The Good in Goodbye

Everybody, everywhere should have their heart broken at least once in their lifetime. Hear me out, trust me I have a good reason behind this idea. 

Okay, so I believe in living life with no regrets. Never regret any decisions you ever make because 1) at some point you believed that was the best choice for you and 2) it wasn’t all for nothing. Good or bad, you always can learn something from the experience.

Now to tie it back to heartbreaks, everyone should feel what it is like to “lose” yourself and rebuild yourself. I’ve been through like two and a half heartbreaks in my life. The first ever was my father, big surprise. The other times were both ex boyfriends. I only count one as a half because I cared about him and was hurt but it wasn’t a bad breakup. You know when you know the end is near and they’re a bad person so you prepare yourself for the breakup? That’s how that was. I wasn’t heartbroken when we split.

I’m happy to say I have successfully and fully HEALED from my last relationship and I’m really glad that it happened. If he hadn’t taken me through so many experiences I would be as wise as I am today. The breakup is never fun during but afterwards during your learning and growing, is really magical.

My last relationship ended really bad and I was honestly hurting for so long. I knew in my heart I would be fine without him, actually better off but I didn’t want to face it. My ex taught me things like self-love, happiness, and I love myself, don’t be mislead but I did not love myself enough. When we met I was at a vulnerable place and willingly to accept the first good thing that came into my life. I looked for ways to build myself through him. I found things I was lacking and used him as a crutch to fill those voids. I was very unsure about myself at that time, and he was there to fix that.

I was going to a in-state college due to lack of scholarships which I was not happy with at all. All my life I wanted to escape Baltimore but when the time came my plans fell through. Going to school in-state is not a big deal to most but I had to give up on all my dreams I’ve had my entire life. I felt like a failure. I honestly thought I would be stuck in the same place, physically and mentally forever. I met my ex shortly after my first semester in college and tried to suppress those unhappy, inadequate feelings. The closer we grew, the happier I tried to keep him so that he’d stay around to keep me happy. Eventually I became static and I didn’t want to risk our happiness for my own just to transfer to a different school. Ultimately, he wasn’t secure enough for a long distance relationship so that failed. Even though the relationship failed, I learned to always put happiness before the happiness of anyone else. I made the decision to leave because I knew I would feel better about myself and my future so that’s what I did.

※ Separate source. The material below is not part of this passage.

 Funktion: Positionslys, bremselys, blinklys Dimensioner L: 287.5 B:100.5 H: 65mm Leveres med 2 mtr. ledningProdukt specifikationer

Heartbreak builds character and forces us to set ourselves at a higher standard. When we go through a breakup we have two options, cry about it and become the other person or cry about it and become a better version of ourselves. Today, I hold myself to a higher standard. People I used to give my energy can’t even talk to me now. I don’t respond to them. I’m all about growth and really learning to love myself. I think people don’t really understand what that means. Like, we have to be our own biggest fan, love what you stand for, be all about you. I’ve become that and now others’ opinions of me don’t affect me. I’m becoming sure of my capabilities and I won’t let anyone influence or sway me from that.

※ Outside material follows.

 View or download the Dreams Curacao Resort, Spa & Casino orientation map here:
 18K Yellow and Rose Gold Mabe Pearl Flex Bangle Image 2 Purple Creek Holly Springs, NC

I can’t remember for the life of me where I’ve heard it, but there’s a quote that goes a little like “You had me in the past but can you get near me now?” This speaks to me because yes, we may have been a perfect match in the past but I’ve leveled up now. Now, I’m untouchable and you will never be able to ruin this new peace I have found within myself. And that is why everyone needs to gets their heart broken. It took for me to get my heart broken to really find myself. I mean like figure out what things I love and what things I absolutely cannot tolerate. I think it really helps us discover the person we want to be and shows us the areas we’re lacking in, in order to reach that dream person.

Trust me, nothing is better than finding that inner peace. When we find that we can be ready to share it with that person who also has found theirs. This strengths our relationships because we are able to to enjoy the other person for what they have to offer rather than try to find answers to our own problems within them. I am actually working on the second stage of sharing my peace with someone else, so wish me luck on this journey.

(Sorry for the late post, I’m drowning in school work and I took some of my procrastination time to get this post up.)